Some disorders of the intestine and stomach can require massive surgery called a small bowel resection. In this procedure, the surgeon removes diseased portions of the intestine, and then sews the healthy ends back together.

"The small intestine is a rapidly turning over tissue that continues to renew itself by making new cells," says Helmrath. "This ability to regenerate allows the intestine to recover after injury or surgery."

The means by which intestinal tissue adapts after a small bowel resection is currently unknown, but Helmrath believes the answer resides in the secretory cells of the intestine.

The small intestine is composed of two types of cells: absorptive or secretory. Absorptive cells, known as enterocytes, take in and digest nutrients, while secretory cells emit important elements into the blood. Secretory cells include: goblet cells, which secrete mucus; enteroendocrine cells, which secrete hormones; and Paneth cells, which secrete defensive molecules that defend against harmful bacteria.

Helmrath believes increased production of secretory cells within the intestine aids adaptation following a small bowel resection.

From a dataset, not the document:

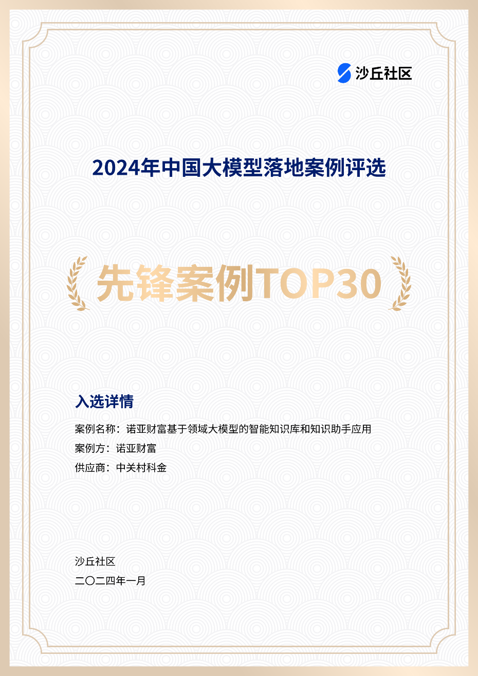 近日,沙丘社区重磅发布2024中国大模型先锋案例TOP30。众闯信息科技携手诺亚财富打造的《基于领域大模型的智能知识库和知识助手应用》,凭借技术创新优势、商业落地速度和产业应用价值,荣登榜单。
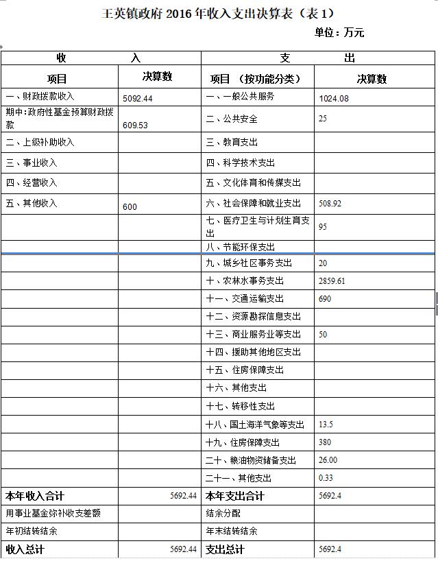 王英镇政府2016年度决算总收入5692.44  万元。其中:财政拨款收入 5092.44万元、事业收入 0万元、经营收入 0万元、其他收入600万元,用事业基金弥补收支差额 0万元,上年度结转结余 0万元。比2015年减少  4751.26 万元。主要原因是省级专项拨款减少,政府性基金预算财政拨款减少。

Helmrath tested his theory by performing small bowel resections on mice. Following surgery, the distribution of secretory cells was recorded at timed increments. An increased production of goblet, Paneth, and enteroendocrine cells was observed shortly after the procedure, supporting Helmrath's hypothesis that massive small bowel resections do result in an increased allocation of secretory cells in the intestine.

Through future research, Helmrath plans to determine if these changes may help reset sustained increases in intestinal stem cell production following small bowel intestinal resection.

Helmrath has developed additional models that reveal that early signaling by these secreting cells causes the intestine to adjust physically. He believes this signaling ultimately decides the intestine's architecture.
"Understanding the regulation of intestinal stem cell proliferation and lineage allocation will give insight to the mechanisms that can sustain increased mucosal surface area following injury and will offer numerous potential therapeutic targets," says Helmrath.